© INTERNEDepuis le début de matinée, les files de voitures s'allongent aux abords des stations-service de la Promenade des Anglais à Nice. Plusieurs centaines d'automobilistes redoutant une pénurie de carburant après les attentats commis aux Etats-Unis sont venus remplir leurs réservoirs. Face cette "psychose", Stéphane Mazzilli, pompiste, est amusé: "ils peuvent venir, tous les camions d'approvisionnement sont programmés pour la semaine". Même scénario dans plusieurs villes de la Côte d’Azur.
Pas de quoi paniquer à en croire les experts. Après une augmentation soudaine du prix du brut à l’annonce de la catastrophe, les cours se sont repliés ce matin. Le cours du pétrole Brent est redescendu mercredi matin à Londres, à 28,5 dollars le baril, après s'être envolé la veille au dessus des 31 dollars juste après les attentats.
Prix stable mais relativement élevé
L'Organisation des pays exportateurs de pétrole, regroupant les principaux producteurs du Moyen Orient dont l'Irak et l'Iran, a confirmé le plus vite possible et sans ambiguïté hier son caractère commercial et apolitique. A mille lieux de brandir l'arme pétrolière qui avait mis à genoux l'économie occidentale dans les années 70. L'Afghanistan, montré du doigt pour son soutien au suspect numéro un des attentats, Oussama Ben Laden, ne produit d'ailleurs pas une goutte de pétrole.
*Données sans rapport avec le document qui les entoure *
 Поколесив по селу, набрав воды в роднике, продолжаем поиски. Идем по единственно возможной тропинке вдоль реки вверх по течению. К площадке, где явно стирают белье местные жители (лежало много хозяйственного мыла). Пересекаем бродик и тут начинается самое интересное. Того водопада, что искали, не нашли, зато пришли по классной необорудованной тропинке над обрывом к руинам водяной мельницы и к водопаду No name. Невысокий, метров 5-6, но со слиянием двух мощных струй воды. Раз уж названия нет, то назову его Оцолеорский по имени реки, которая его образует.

Le prix du baril devrait rester "relativement élevé mais il faudrait des bouleversement géopolitiques extrêmement graves pour que la hausse se poursuive", relève Antoine Leurent, analyste de KBC Securities. Les Etats-Unis, dont les réserves en brut et produits pétroliers peinent à se reconstituer, dépendent largement du flux de pétrole en provenance du Moyen-Orient.
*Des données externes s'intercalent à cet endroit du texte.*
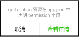 以上就是平淡白昼最近收集整理的关于getLocation需要在app.json中声明permission字段的全部内容,更多相关getLocation需要在app内容请搜索靠谱客的其他文章。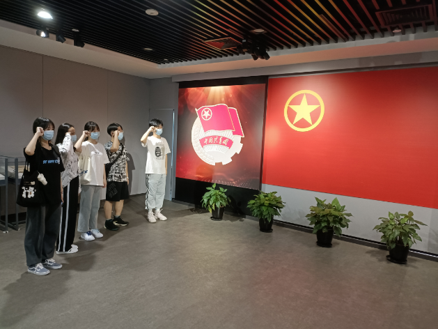 在参观之前,同学们首先走到了一楼的展示墙前,面对墙上的入团誓词,大家面向团旗、举右手握拳再次庄严宣誓:我志愿加入中国共产主义青年团,坚决拥护中国共产党的领导,勤奋学习,积极工作,吃苦在前,享受在后,为共产主义事业而奋斗。这不仅勾起了同学们入团时的回忆,更让同学们坚定了爱党爱国的信念,正如那句“请党放心,强国有我”!

La demande pourrait se comprimer
Certes, "beaucoup de maisons de trading ont été décapitées car de nombreuses firmes étaient situées dans le World Trade Center mais ces sociétés existent toujours ailleurs. D'autre part, les attentats ne peuvent avoir d'impact aujourd'hui sur le marché physique du pétrole", souligne Olivier Appert, analyste de l'Agence internationale de l'énergie (AIE). "Il y a bien sûr des réactions psychologiques bien compréhensibles sur le marché financier mais, sur le marché physique, il y a une grande inertie. Les cargaisons partant actuellement du Moyen-Orient arriveront en Asie ou en Occident dans 3 semaines", poursuit-il.
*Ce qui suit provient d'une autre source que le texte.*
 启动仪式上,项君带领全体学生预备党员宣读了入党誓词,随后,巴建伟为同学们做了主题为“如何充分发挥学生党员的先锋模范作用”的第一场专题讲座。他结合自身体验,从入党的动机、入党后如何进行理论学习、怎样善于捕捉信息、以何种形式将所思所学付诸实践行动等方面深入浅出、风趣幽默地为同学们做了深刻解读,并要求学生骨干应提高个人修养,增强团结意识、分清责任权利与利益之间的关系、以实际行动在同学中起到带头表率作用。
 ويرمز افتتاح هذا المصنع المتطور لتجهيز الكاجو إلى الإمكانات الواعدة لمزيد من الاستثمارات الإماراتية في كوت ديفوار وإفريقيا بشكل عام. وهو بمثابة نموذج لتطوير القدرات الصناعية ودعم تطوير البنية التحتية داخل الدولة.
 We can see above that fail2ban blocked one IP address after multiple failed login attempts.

Les observateurs attendent la réaction des Etats-Unis. En cas de riposte militaire, comparable à celle de la guerre du Golfe, l’offre en brut pourrait souffrir. Mais l’hypothèse reste peu probable. "Si le marché croyait au déclenchement d'hostilités à grande échelle, le prix du brut se serait envolé largement au-dessus des 40 dollars", estime Pierre Terzian, directeur de l'hebdomadaire spécialisé Pétrostratégies. La demande en brut pourrait fléchir plus sérieusement car elle dépend en partie du moral des consommateurs.